Thursday, November 20, 2003

LAPD resists clamor to revisit department's "don't ask" immigration stance

"In this era of heightened concern over foreign terrorists on U.S. soil, a clamor is growing among some in Los Angeles -- including ... a group of San Fernando Valley activists and Northwest Valley Councilman Greig Smith -- for the Los Angeles Police Department to revisit its nearly 25-year-old policy of not dealing with immigration violations."

"In response to reports that LAPD officers were routinely singling out immigrants for scrutiny, then-Police Chief Daryl Gates ordered officers to stop asking suspects, witnesses and victims about their immigration status.
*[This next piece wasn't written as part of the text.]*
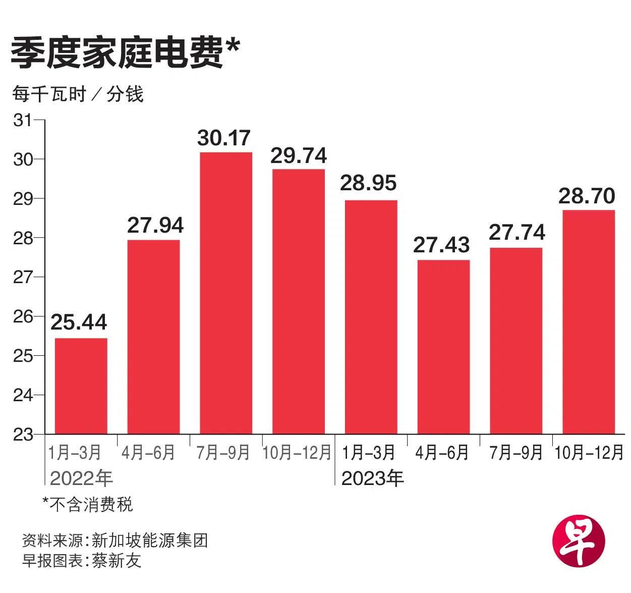 新加坡能源集团星期五(9月29日)发文告宣布,10月至12月第四季的住家电费,将从每千瓦时27.74分上涨至28.70分。调涨之后,四房式组屋家庭每个月电费,平均会增加3.57元(不含消费税)。

The policy, known as Special Order 40, has remained in effect for two decades."

"Current Police Chief William Bratton and members of the city's Police Commission have not called for the policy to be amended or repealed."

"'There are safety mechanisms in place for deporting people who are criminally inclined,' said Police Commission President David S. Cunningham III. 'In the end, the policy position on Special Order 40 is that we are a nation of immigrants and we don't want to dissuade them from having contact with the police.'"

"Immigration and Customs Enforcement spokeswoman Virginia Kice said Special Order 40 doesn't preclude federal immigration authorities from working with the LAPD on terrorism and violent-crime cases."

"'While the LAPD is not in the business of referring routine criminals to federal immigration authorities, the city and federal authorities work closely on cases involving potential terrorists in the country illegally, Kice said.'"

"U.S. Immigration and Customs Enforcement officers stationed in the Los Angeles County Sheriff's Department's Twin Towers Correctional Facility check the immigration status of inmates and decide whether to deport them when their term is finished, jail Lt. Tim Murphy said."